Once you find the line with "Bombki choinkowe 40" in the data below, transcribe exactly each line from there to the line with "2024.10.18 🍲八宝菜 大宮たんぽぽ保育園🌈", inclusive, and nothing else. Drop the pictures.

[[ Records shown, beginning ]]

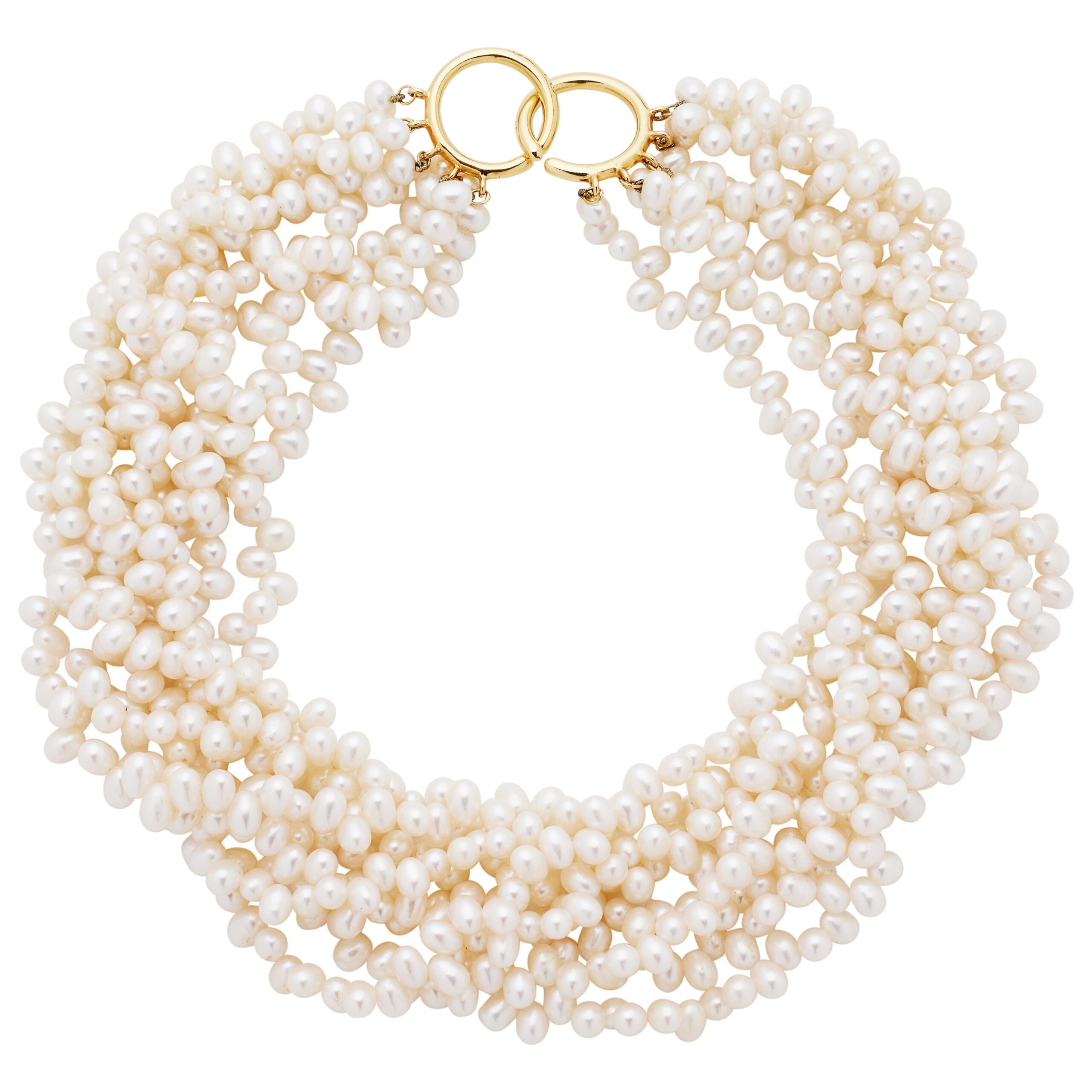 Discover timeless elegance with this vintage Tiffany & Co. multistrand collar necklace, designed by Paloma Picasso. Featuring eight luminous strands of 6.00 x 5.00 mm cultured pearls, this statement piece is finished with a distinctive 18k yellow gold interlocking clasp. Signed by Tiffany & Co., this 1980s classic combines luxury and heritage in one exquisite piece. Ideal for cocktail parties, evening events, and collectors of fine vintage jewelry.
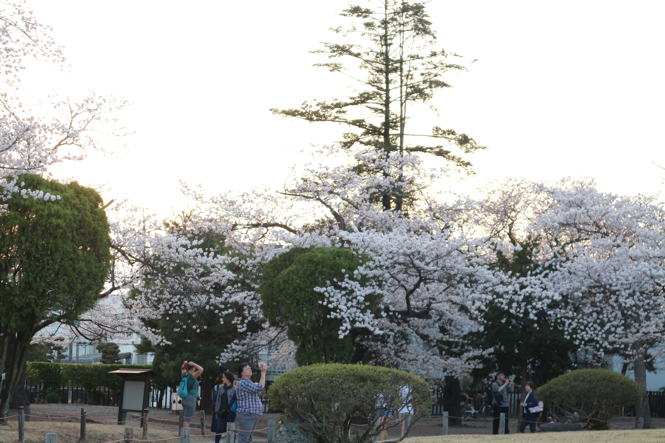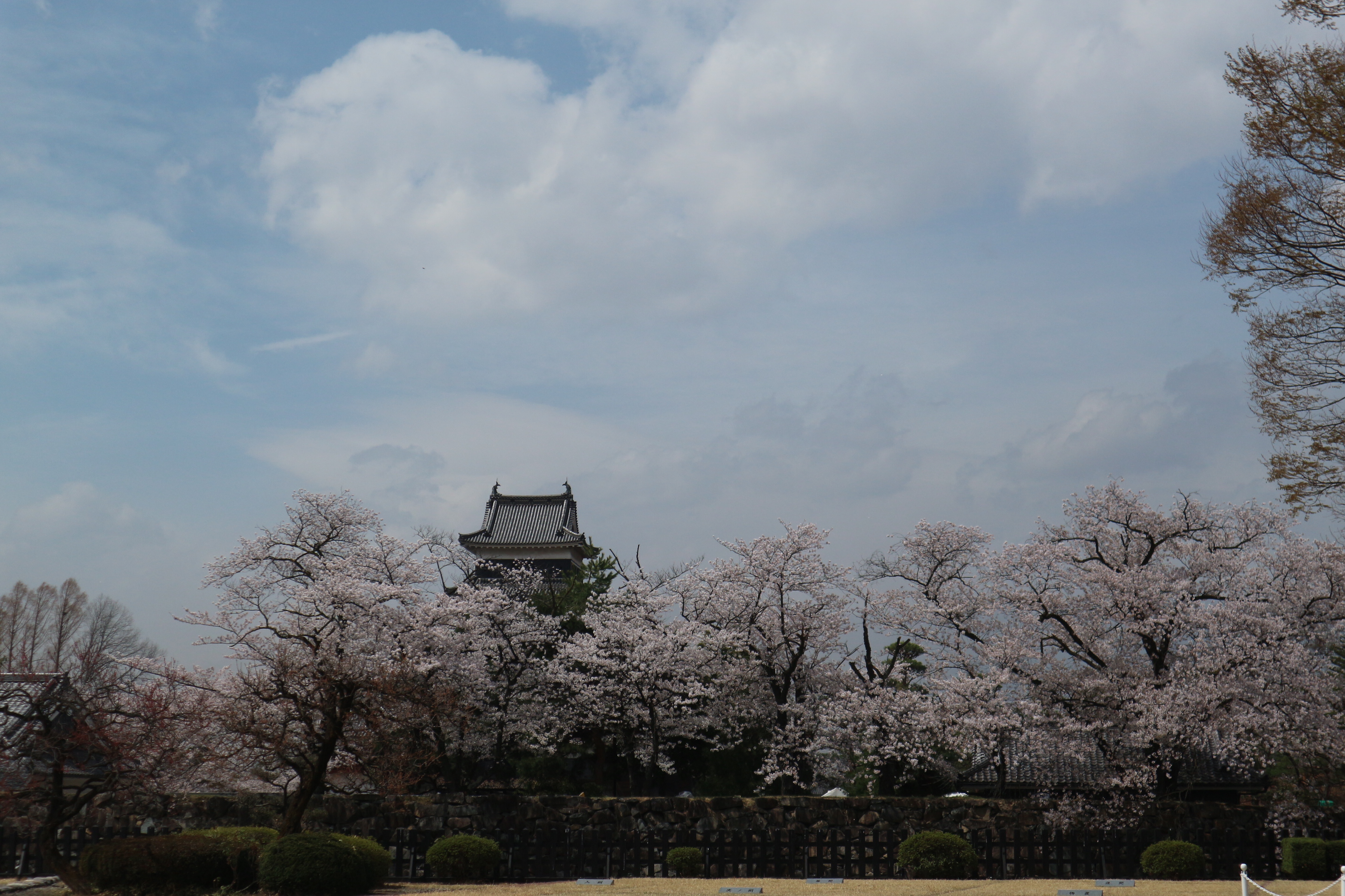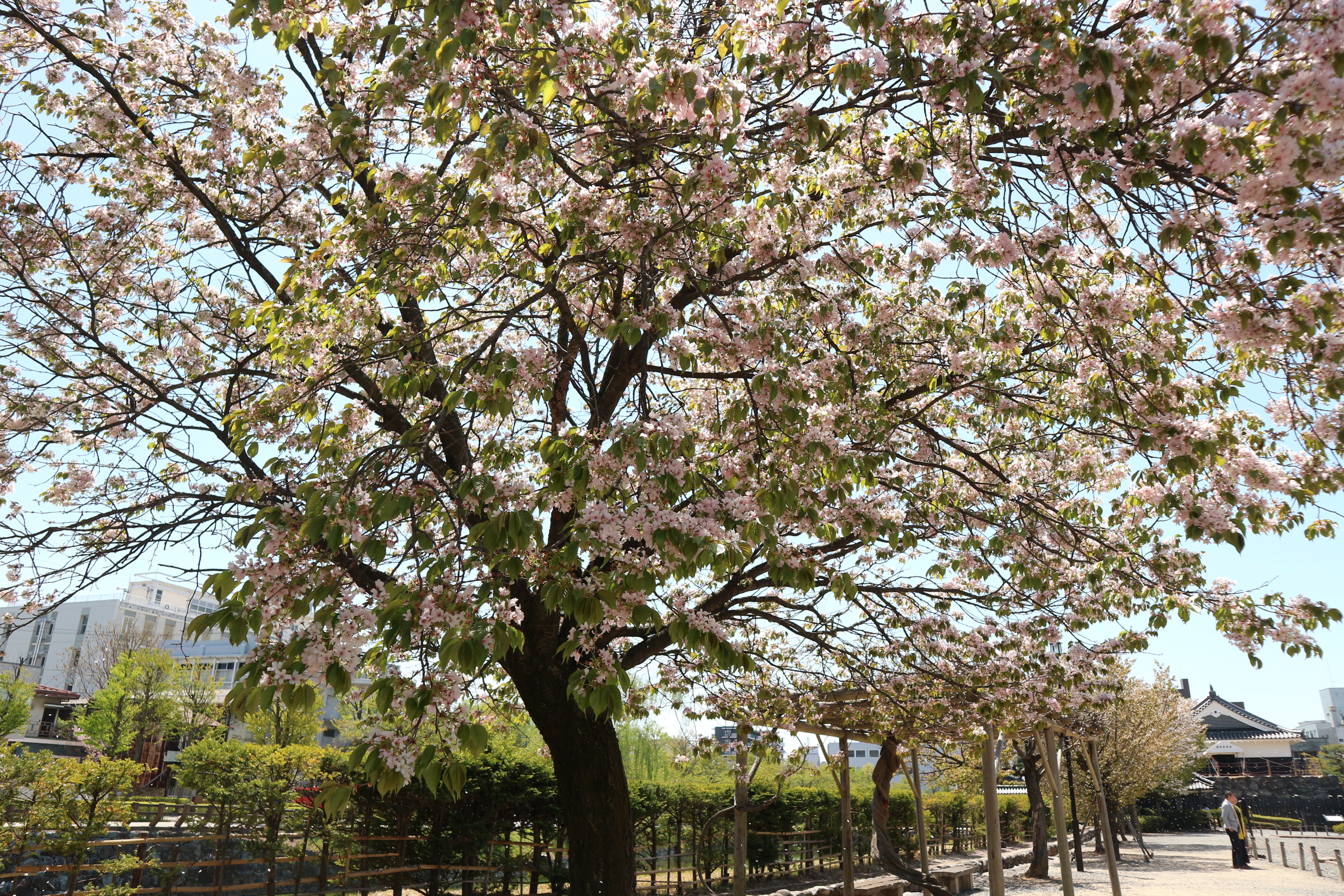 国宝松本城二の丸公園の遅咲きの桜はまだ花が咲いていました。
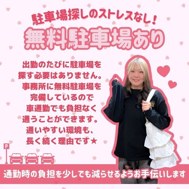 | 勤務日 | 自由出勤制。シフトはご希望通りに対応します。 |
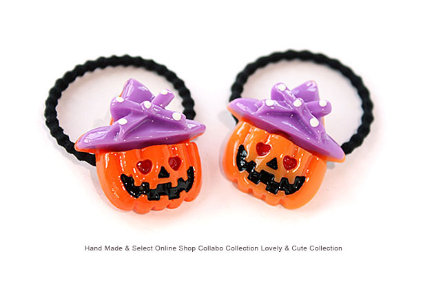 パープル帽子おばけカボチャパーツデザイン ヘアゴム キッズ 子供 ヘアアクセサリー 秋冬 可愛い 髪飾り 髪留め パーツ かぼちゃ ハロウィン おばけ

[[ Records shown, end ]]
[[ Records shown, beginning ]]

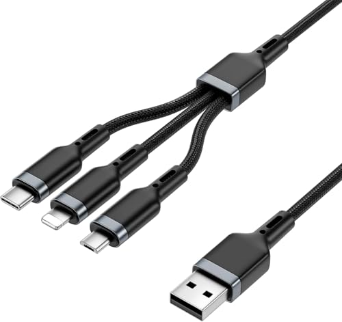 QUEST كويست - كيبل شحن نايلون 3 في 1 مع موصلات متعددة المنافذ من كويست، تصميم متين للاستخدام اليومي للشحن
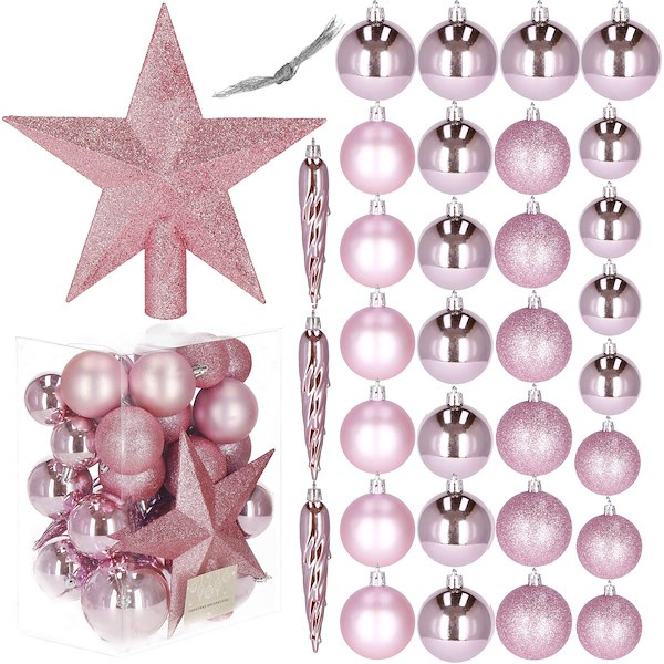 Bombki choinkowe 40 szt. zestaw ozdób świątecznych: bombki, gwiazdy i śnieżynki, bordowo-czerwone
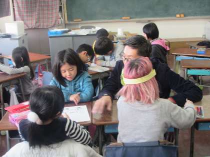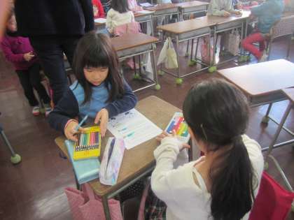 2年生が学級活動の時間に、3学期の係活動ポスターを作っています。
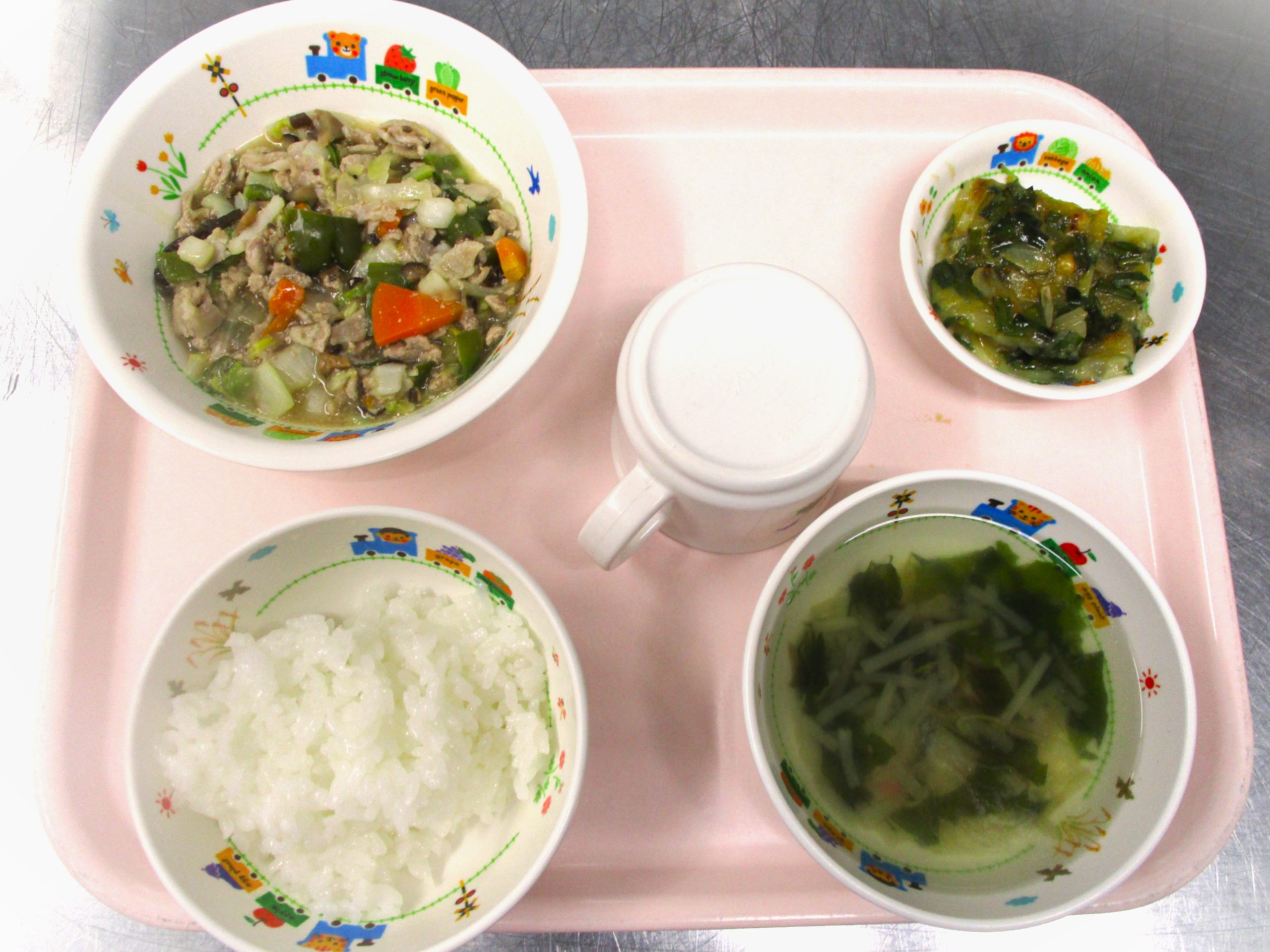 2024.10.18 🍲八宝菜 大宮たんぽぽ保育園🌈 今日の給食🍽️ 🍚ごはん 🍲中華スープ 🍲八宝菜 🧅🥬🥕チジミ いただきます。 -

[[ Records shown, end ]]
[[ Records shown, beginning ]]

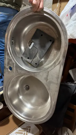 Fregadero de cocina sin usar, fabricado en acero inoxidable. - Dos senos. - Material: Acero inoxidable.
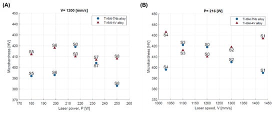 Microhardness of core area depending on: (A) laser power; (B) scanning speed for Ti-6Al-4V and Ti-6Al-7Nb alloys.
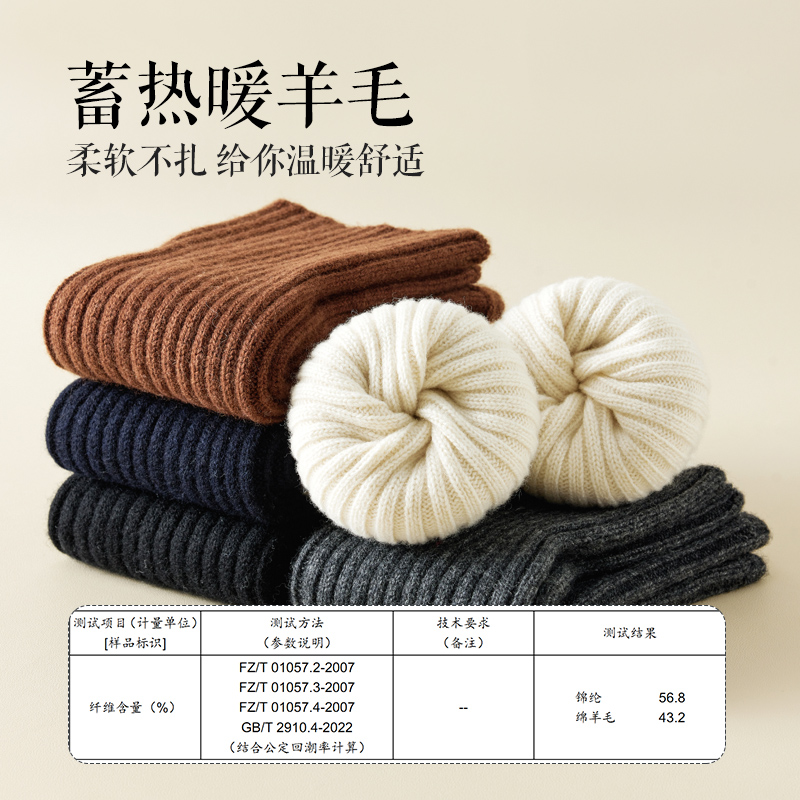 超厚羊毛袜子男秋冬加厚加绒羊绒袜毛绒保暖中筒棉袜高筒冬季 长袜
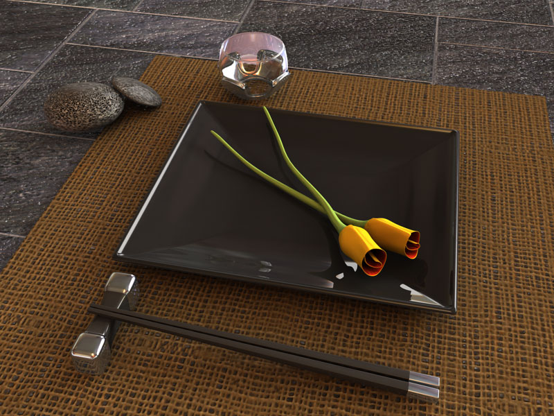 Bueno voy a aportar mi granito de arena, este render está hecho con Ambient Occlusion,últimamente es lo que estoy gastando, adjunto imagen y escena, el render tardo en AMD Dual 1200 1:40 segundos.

[[ Records shown, end ]]

### Written solution
 Bombki choinkowe 40 szt. zestaw ozdób świątecznych: bombki, gwiazdy i śnieżynki, bordowo-czerwone
 2年生が学級活動の時間に、3学期の係活動ポスターを作っています。
 2024.10.18 🍲八宝菜 大宮たんぽぽ保育園🌈 今日の給食🍽️ 🍚ごはん 🍲中華スープ 🍲八宝菜 🧅🥬🥕チジミ いただきます。 -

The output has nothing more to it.